▸ **Problem**
Only the lines from the start of the data below through the line that contains "海外で買い付けたカッティングデザインのシルバースクエアリングです。" are to be copied, exactly and without pictures.

▸ **Dataset content**
--- --- ---

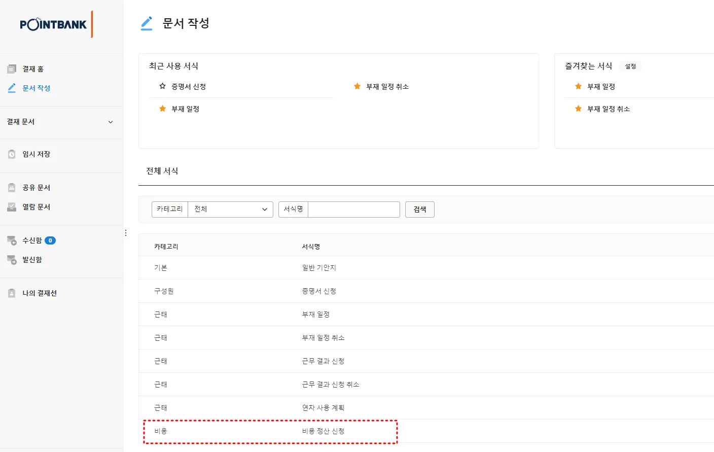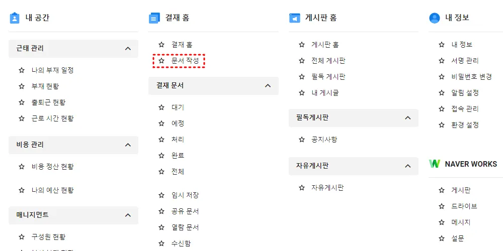 결재 홈 > [문서 작성] 을 선택 합니다.
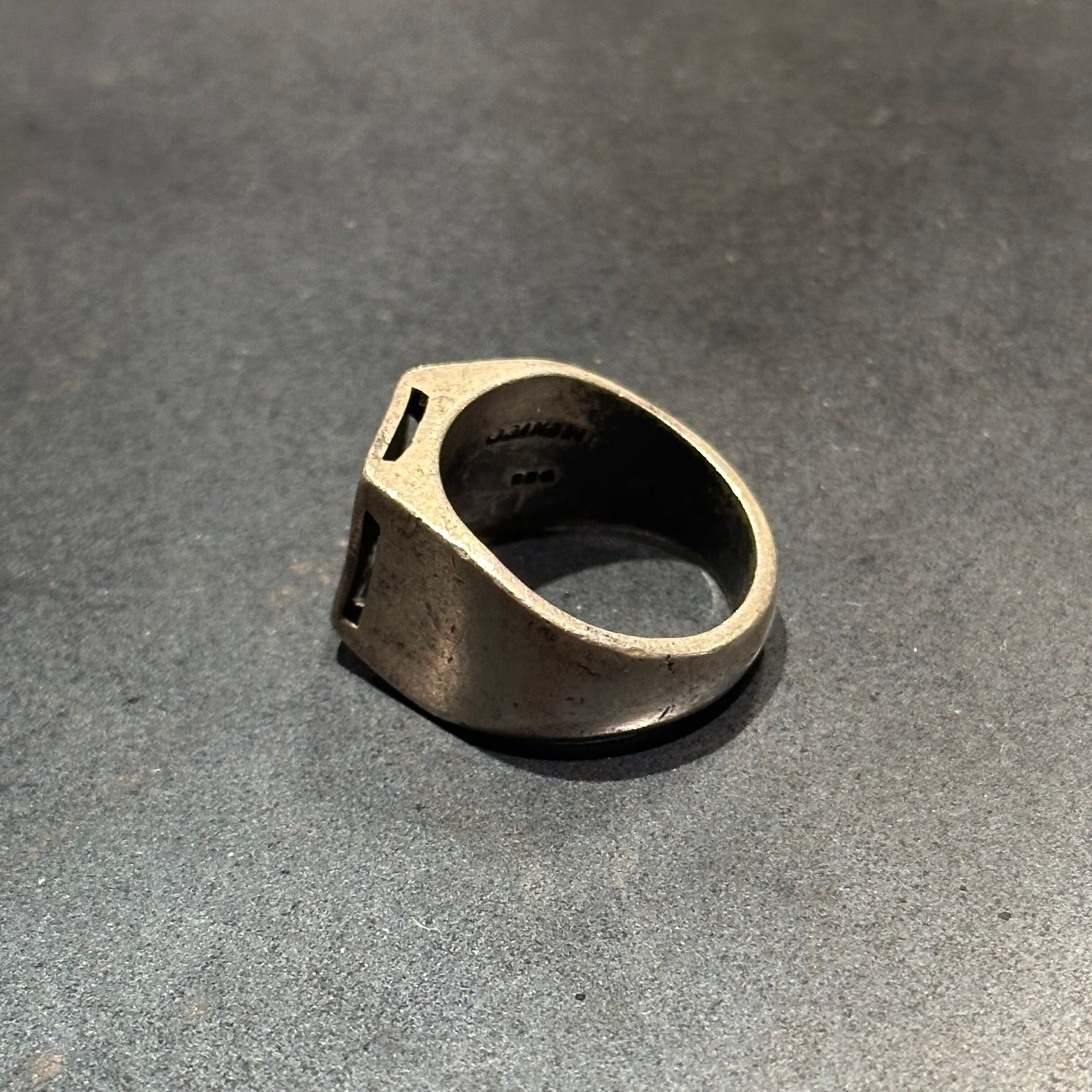 海外で買い付けたカッティングデザインのシルバースクエアリングです。
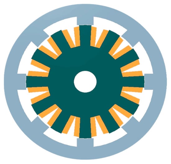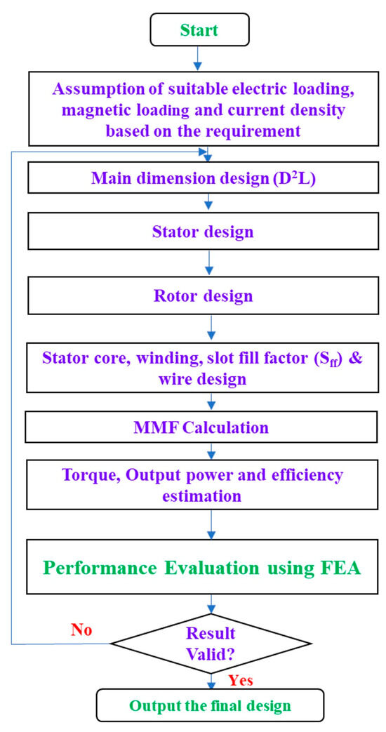 The structures of PMSMs and SRMs are shown in Figure 2 and Figure 3, respectively. The detailed design procedure is elaborated in Figure 4. The design process begins with the selection of suitable electric loading, magnetic loading, and current density based on specific application requirements. Following this, the primary main dimension design, D and L, is determined. Successive steps involve considerations for the stator core, winding, slot fill factor, and wire design. The magneto-motive force (MMF) is then calculated. The design is validated using finite element analysis (FEA). The performance parameters of torque, output power, and efficiency are evaluated. Based on these parameters, the design is either validated or refined until the performance parameters satisfy the application requirements.
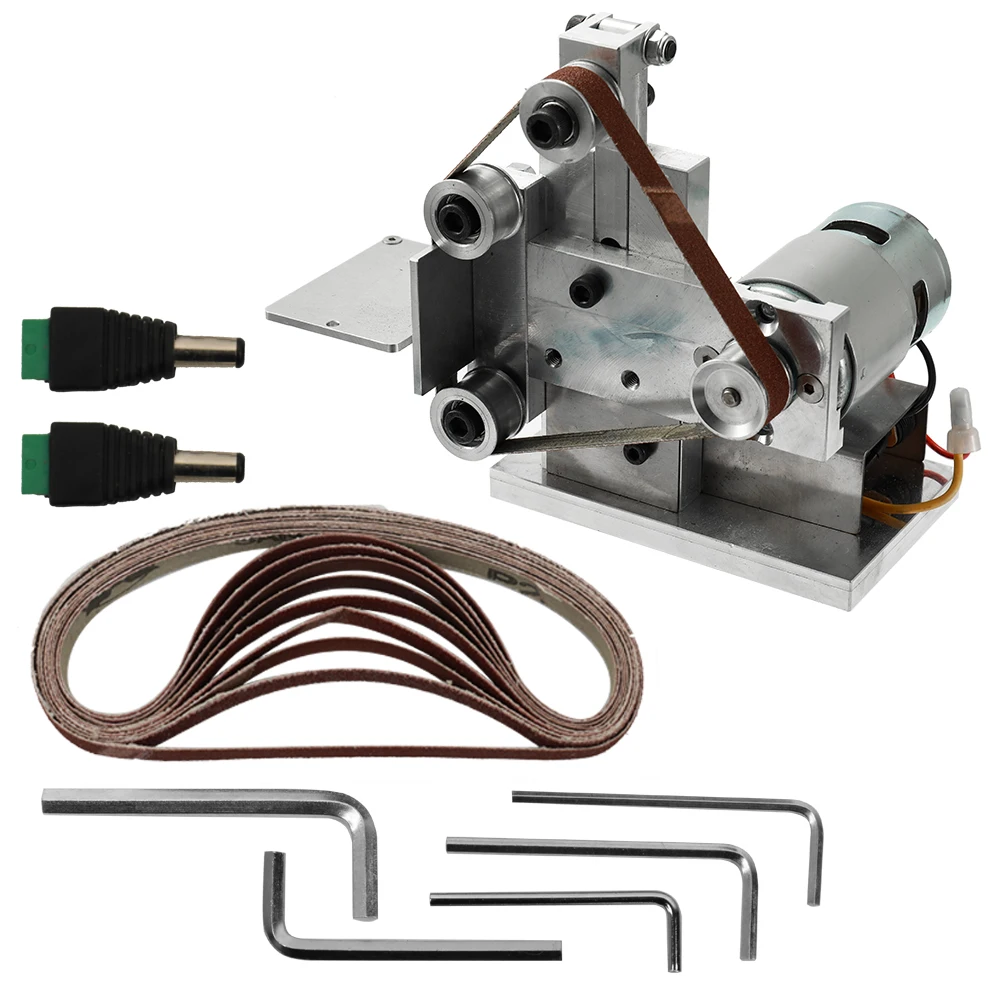 Это многофункциональный ленточный шлифовальный станок, мини портативный, низкий уровень шума, может использоваться для высокоскоростного стального сверла грубого шлифования, кромки лезвия, тонкого шлифования вольфрамовой стали токарного инструмента, полировки корень дерева Бодхи и т. Д., простой в установке и эксплуатации, это домашний инструмент DIY.

--- --- ---

▸ **Answer for this exercise**
 결재 홈 > [문서 작성] 을 선택 합니다.
 海外で買い付けたカッティングデザインのシルバースクエアリングです。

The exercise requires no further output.